**RECORDS SHOWN**:
═══
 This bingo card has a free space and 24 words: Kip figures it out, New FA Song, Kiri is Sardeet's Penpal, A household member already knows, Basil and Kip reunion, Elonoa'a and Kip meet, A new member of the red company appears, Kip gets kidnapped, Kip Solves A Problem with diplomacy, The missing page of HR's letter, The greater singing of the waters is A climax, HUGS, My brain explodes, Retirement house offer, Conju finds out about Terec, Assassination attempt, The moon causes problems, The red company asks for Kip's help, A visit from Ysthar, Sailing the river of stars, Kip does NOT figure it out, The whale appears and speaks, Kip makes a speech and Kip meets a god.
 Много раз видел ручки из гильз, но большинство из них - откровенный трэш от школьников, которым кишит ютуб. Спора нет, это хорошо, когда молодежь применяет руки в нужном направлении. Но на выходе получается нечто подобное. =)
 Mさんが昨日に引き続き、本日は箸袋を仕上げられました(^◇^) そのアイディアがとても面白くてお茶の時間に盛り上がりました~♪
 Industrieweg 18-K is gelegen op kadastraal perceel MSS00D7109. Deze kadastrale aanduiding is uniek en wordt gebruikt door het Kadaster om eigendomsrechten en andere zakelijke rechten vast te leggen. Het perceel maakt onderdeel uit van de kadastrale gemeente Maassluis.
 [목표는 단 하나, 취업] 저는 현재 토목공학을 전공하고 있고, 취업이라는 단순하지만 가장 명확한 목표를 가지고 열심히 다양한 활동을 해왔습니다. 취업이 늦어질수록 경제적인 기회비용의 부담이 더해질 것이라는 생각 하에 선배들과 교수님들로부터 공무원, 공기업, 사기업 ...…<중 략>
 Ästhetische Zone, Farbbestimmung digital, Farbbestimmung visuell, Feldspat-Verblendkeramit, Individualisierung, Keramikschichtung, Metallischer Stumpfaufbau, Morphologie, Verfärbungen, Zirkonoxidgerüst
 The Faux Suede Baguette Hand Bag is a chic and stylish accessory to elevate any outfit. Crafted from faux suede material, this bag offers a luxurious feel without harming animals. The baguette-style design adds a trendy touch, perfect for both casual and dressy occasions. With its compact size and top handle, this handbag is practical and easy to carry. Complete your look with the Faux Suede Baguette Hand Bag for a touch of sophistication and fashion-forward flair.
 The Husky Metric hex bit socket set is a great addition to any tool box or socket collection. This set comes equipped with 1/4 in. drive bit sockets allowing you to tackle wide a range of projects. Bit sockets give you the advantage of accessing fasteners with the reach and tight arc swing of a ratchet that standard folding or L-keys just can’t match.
═══
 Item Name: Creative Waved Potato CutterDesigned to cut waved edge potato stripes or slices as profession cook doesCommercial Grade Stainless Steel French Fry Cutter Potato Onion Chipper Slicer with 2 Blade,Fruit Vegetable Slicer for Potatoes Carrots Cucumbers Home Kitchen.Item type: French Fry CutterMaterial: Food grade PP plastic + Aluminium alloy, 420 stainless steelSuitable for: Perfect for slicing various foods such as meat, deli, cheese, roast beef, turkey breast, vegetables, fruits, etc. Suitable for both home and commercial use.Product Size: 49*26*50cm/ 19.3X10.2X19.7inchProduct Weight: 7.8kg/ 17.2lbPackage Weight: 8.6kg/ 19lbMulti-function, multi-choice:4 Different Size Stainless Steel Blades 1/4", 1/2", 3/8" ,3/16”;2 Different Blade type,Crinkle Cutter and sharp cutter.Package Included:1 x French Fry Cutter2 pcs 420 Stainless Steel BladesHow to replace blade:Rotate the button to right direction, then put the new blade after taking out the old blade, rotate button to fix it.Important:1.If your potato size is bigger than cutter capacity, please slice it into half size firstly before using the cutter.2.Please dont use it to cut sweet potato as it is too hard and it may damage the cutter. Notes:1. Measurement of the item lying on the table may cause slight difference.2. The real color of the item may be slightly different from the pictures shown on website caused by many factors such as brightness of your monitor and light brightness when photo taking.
═══
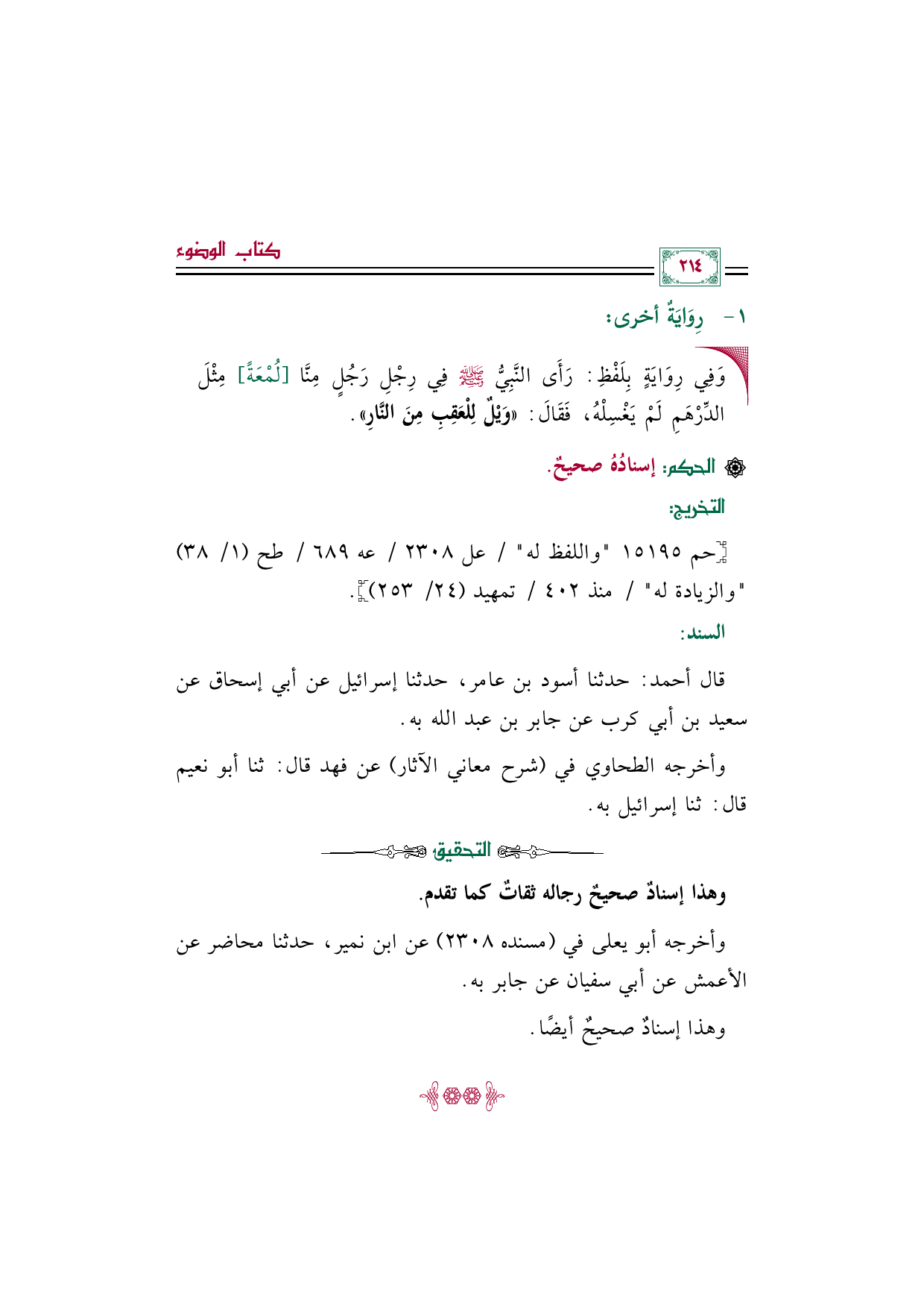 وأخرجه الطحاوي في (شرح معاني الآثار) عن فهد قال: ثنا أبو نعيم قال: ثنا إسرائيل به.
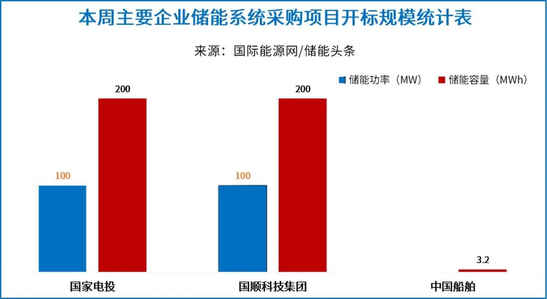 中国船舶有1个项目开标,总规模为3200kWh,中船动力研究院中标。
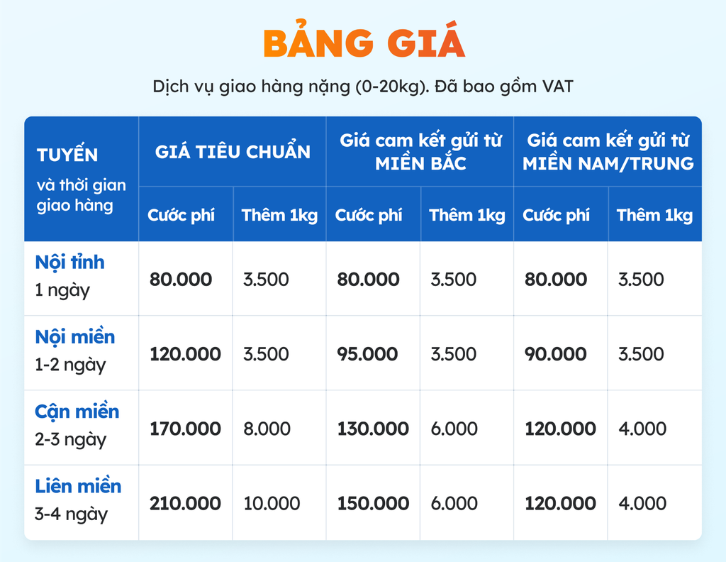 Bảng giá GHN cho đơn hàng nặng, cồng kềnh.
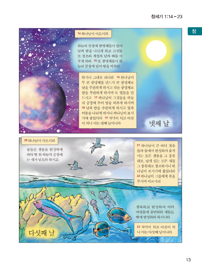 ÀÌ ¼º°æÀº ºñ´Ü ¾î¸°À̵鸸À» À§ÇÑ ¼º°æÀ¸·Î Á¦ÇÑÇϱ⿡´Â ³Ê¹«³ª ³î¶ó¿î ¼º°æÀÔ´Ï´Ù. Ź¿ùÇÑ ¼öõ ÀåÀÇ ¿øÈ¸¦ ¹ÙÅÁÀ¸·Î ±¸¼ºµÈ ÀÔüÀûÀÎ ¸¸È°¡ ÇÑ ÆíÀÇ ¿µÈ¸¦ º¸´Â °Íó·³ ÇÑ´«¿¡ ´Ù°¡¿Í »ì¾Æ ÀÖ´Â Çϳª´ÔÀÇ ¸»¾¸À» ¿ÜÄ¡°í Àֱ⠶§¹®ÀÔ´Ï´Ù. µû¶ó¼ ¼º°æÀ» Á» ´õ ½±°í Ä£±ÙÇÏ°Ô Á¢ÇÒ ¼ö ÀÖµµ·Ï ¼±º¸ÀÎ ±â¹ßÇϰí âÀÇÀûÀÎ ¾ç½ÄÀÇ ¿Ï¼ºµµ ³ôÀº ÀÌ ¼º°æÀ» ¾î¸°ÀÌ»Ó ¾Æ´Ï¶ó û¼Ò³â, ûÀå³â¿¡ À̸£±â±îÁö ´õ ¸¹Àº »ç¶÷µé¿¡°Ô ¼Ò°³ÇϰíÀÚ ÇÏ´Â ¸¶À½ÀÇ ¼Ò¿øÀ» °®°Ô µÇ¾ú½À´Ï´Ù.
═══
**WORK REQUEST**: Going through the records, work out how many lines contain the word "size". Please answer with the number only.

**ANSWER TO THIS EXERCISE**: 2